Keywords

1 Introduction

The combined analysis of diffusion and structural MRI is extensively used in adult and neonatal [20] brain studies. Structural MRI has the highest contrast for the cortex region, while dMRI primarily provides information about white matter (WM) structures.

The uncertainty of deformation fields in the regions characterised by low contrast or homogeneous intensities (e.g., low WM fibre density regions in dMRI) is one the primary challenges associated with both longitudinal and inter-subject registration. Multi-channel registration that includes both anatomical and diffusion channels has been shown to improve registration and label-propagation results [2, 7, 19]. The reported MC registration solutions generally employ fractional anisotropy (FA) [7, 8, 14, 19] or DTI [2, 9, 13] as an additional channel. However, DTI-extracted metrics are characterised by inconsistencies in fibre-crossing regions. On the other hand, higher-order techniques such as constrained spherical deconvolution (CSD) [21] alleviate some of the limitations of the DTI model and allow extracting orientation-resolved microstructural information as so-called orientation distribution functions (ODFs) from HARDI data.

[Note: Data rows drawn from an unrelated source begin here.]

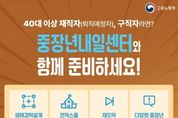 경북팩트뉴스 이경원 기자 | 40대 이상 재직자(퇴직예정자), 구직자라면? 중장년내일센터와 함께 준비하세요! - 생애경력설계 프로그램 : 직업역량, 가치관 분석 등 미래 경력 대안 탐색 지원 - 전직스쿨 프로그램 : 변화 관리 및 취업·전직 가능성 제시 - 재도약 프로그램 : 구직의욕 고취 및 구직 스킬 향상 지원 - 다양한 중장년 정책 안내 : 일경험, 지원금, 일자리 등 정보제공 · 비용 부담 ZERO! 전액 무료! · 간편한 온라인 신청 가능! 전국 38개 중장년내일센터로 오세용!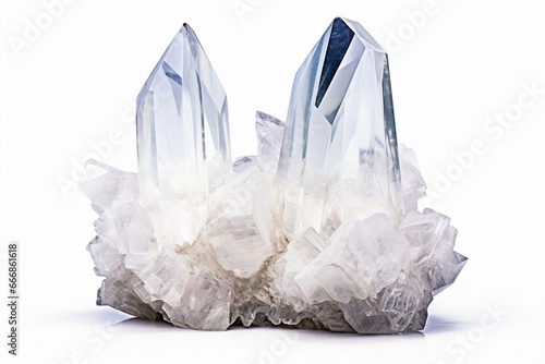 © Generative AI, Fototapeta premium Big natural double quartz crystal isolated on white. : Generative AI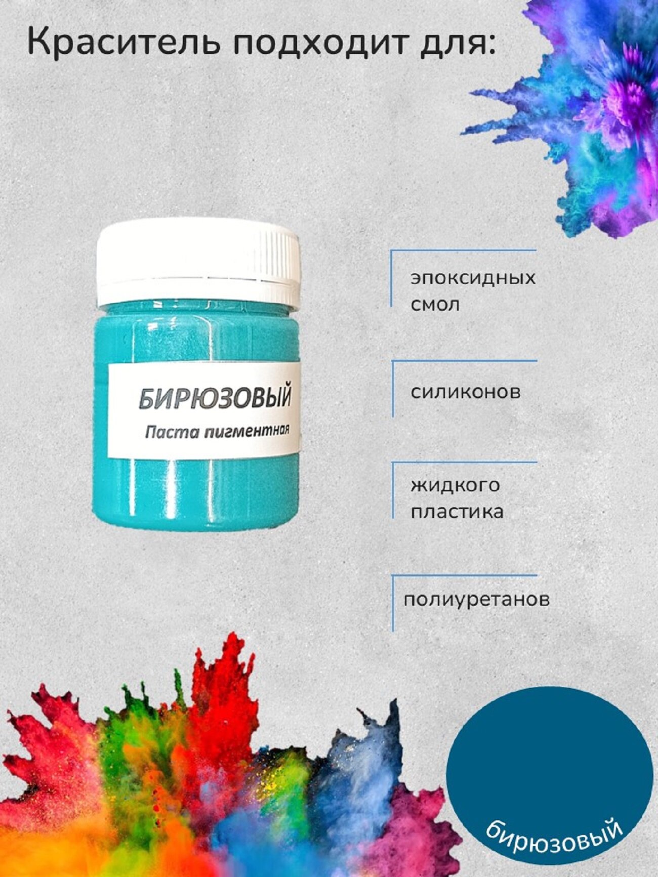 Купить Краситель для эпоксидной смолы, Бирюзовый, 50 грамм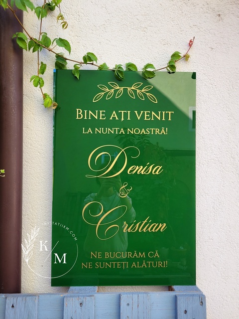 Panou intampinare nunta din plexiglas verde si detalii florale aurii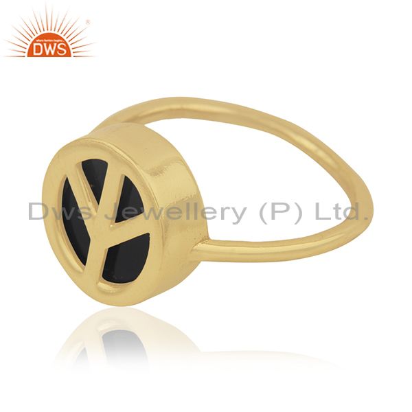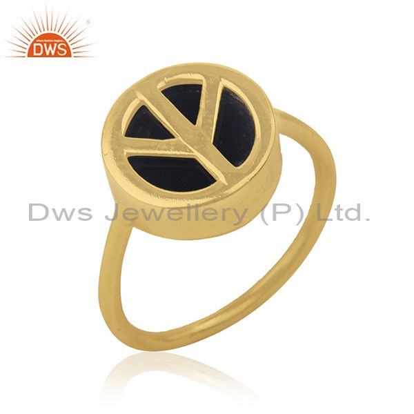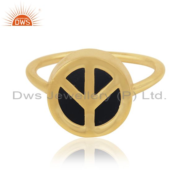 14k Gold Plated Customized Peace Sign 925 Silver Ring Manufacturer India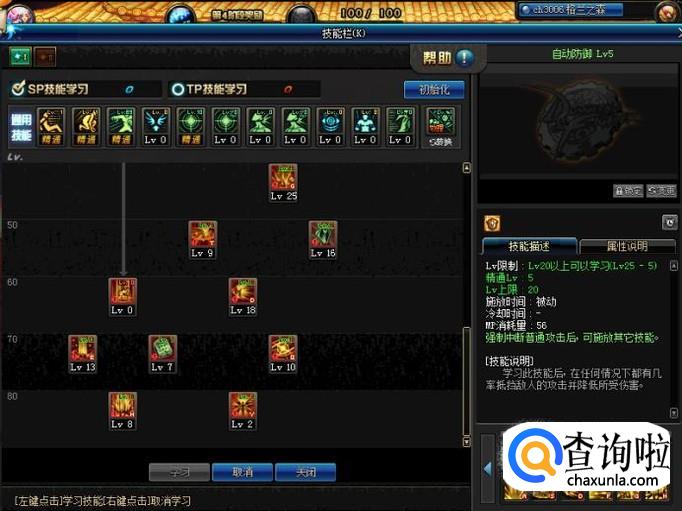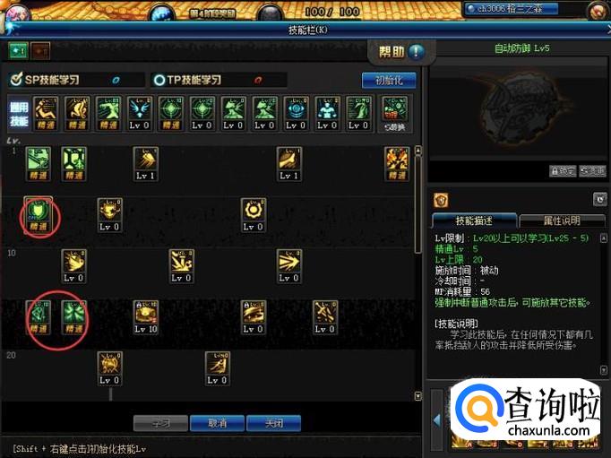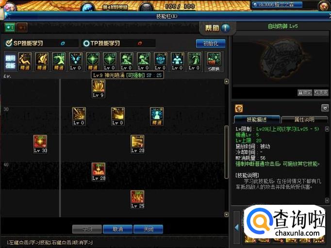 然后我们打开技能栏,先将最上方的通用技能受身蹲伏和物理暴击加满。然后我们选择将天使光翼,天使降临,自动防御加满,神光冲击先学一级最后将剩下的SP点再加给它。

The classical approach for the fusion of information from different channels is based on simple averaging of individual channel updates [2]. More recently proposed solutions include scalar weighs for ROIs defined by thresholded FA maps [13] or local certainty maps based on normalised gradients correlated to structural content [7]. While the detailed overview of the choice of registration metrics is out-of-scope of this work, it can be summarised that the published works on intensity-based multi-channel registration primarily use the sum of squared differences (SSD) [2, 7, 8, 14] or local normalised cross-correlation (LNCC) [4] metrics. There is also a reported approach for T1-DTI atlas generation where datasets are spatially normalized only according to the structural channel [9].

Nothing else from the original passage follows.